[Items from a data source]
- Opening Delimiter -
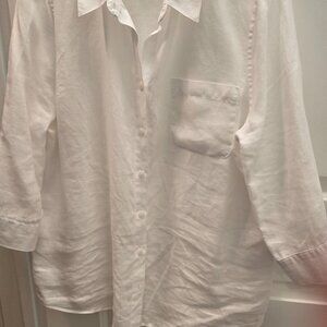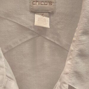 Chico's White Linen Button Down Shirt No Iron Smoke Free Pet Free Home
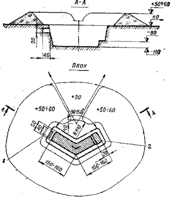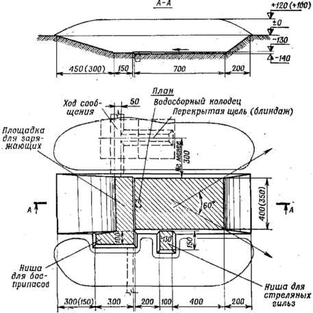 | Артиллерийская система | Размеры, м. | Вынутый грунт, м3 | Требуется чел.-час | |
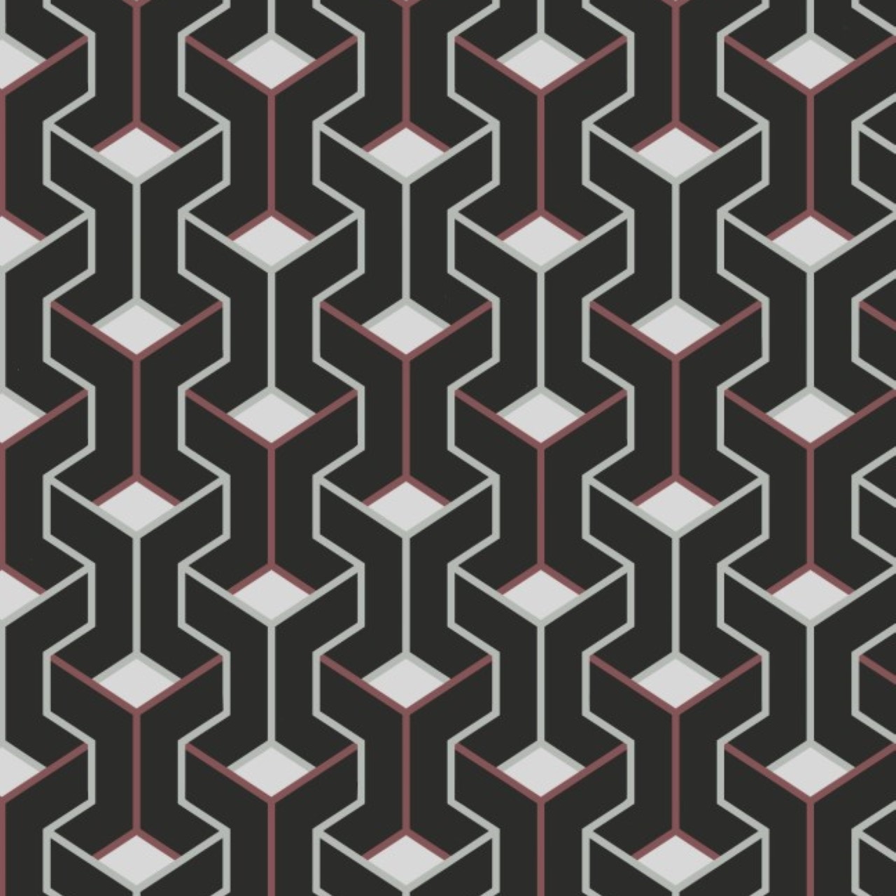Cubes drop into cubes creating a striking repeat. Strong colours enhance this dramatic geometric statement.
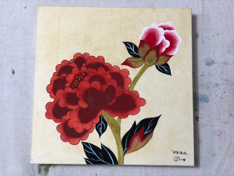 이번에 좀더 난이도를 높여 모란도를 도전했습니다. 이것도 밑그림은 강사님이 스케치를 해주셨구요.
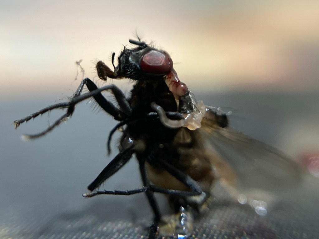 [1] El interés de este proyecto surgió en medio de un estallido social. De estar frente a un televisor viendo noticias politizadas, opinando sobre la muerte de personas y nombrando a los culpables a su propio beneficio. Luego estaban las redes sociales, los live de instagram de mis amigos, viendo como llegaba la policía o civiles y les hacían daño, muerte y desaparición de muchos y muchas de mi edad. Luego estaba la imagen de mi padre, un hombre que fue policía y también le dolía la muerte de sus iguales. Entonces entendí que la muerte en el campo, en los barrios o las universidades, no era de buenos o malos o de quienes vestían de verde oliva o quienes taparon su cara con capuchas, sino de quienes tenían el control y veían al pueblo como un ejército de peones. Esto me hace preguntarme sobre ¿Qué violencia me había tocado vivir a mí? Ya sea adentro o afuera, pública o privada, el sentir y el resistir dejó de ser de importancia para este tiempo en donde vamos a mil por hora. La fragilidad del cuerpo que aguanta está opacada por una serie de dinámicas que se repiten año tras año, una tradición que detona una violencia. Mi espacio es mi casa, un lugar que es un todo, una buhardilla, un sótano, una habitación. Mi casa es muy pequeña, sus paredes difusas y mi barrio termina siendo una gran casa. Un nido de moscas, en donde nacemos moscas, un insecto frágil y sin importancia, fácil de matar y espantar ¿De qué manera se mata esa mosca?
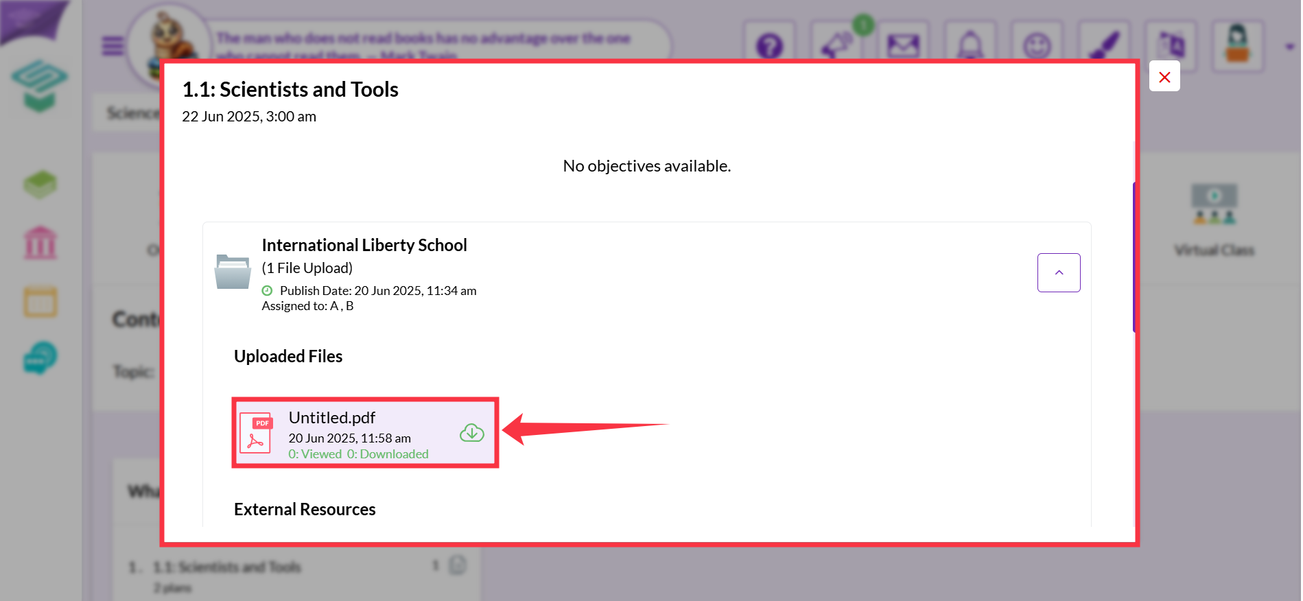 2. You can now download the content by clicking the cloud button next to it, or view it online by clicking directly on it.
- Closing Delimiter -
> _TASK REQUIREMENTS_
Output the entries verbatim but drop the images.

> _RESULT OF THIS TASK_
 Chico's White Linen Button Down Shirt No Iron Smoke Free Pet Free Home
 | Артиллерийская система | Размеры, м. | Вынутый грунт, м3 | Требуется чел.-час | |
Cubes drop into cubes creating a striking repeat. Strong colours enhance this dramatic geometric statement.
 이번에 좀더 난이도를 높여 모란도를 도전했습니다. 이것도 밑그림은 강사님이 스케치를 해주셨구요.
 [1] El interés de este proyecto surgió en medio de un estallido social. De estar frente a un televisor viendo noticias politizadas, opinando sobre la muerte de personas y nombrando a los culpables a su propio beneficio. Luego estaban las redes sociales, los live de instagram de mis amigos, viendo como llegaba la policía o civiles y les hacían daño, muerte y desaparición de muchos y muchas de mi edad. Luego estaba la imagen de mi padre, un hombre que fue policía y también le dolía la muerte de sus iguales. Entonces entendí que la muerte en el campo, en los barrios o las universidades, no era de buenos o malos o de quienes vestían de verde oliva o quienes taparon su cara con capuchas, sino de quienes tenían el control y veían al pueblo como un ejército de peones. Esto me hace preguntarme sobre ¿Qué violencia me había tocado vivir a mí? Ya sea adentro o afuera, pública o privada, el sentir y el resistir dejó de ser de importancia para este tiempo en donde vamos a mil por hora. La fragilidad del cuerpo que aguanta está opacada por una serie de dinámicas que se repiten año tras año, una tradición que detona una violencia. Mi espacio es mi casa, un lugar que es un todo, una buhardilla, un sótano, una habitación. Mi casa es muy pequeña, sus paredes difusas y mi barrio termina siendo una gran casa. Un nido de moscas, en donde nacemos moscas, un insecto frágil y sin importancia, fácil de matar y espantar ¿De qué manera se mata esa mosca?
 2. You can now download the content by clicking the cloud button next to it, or view it online by clicking directly on it.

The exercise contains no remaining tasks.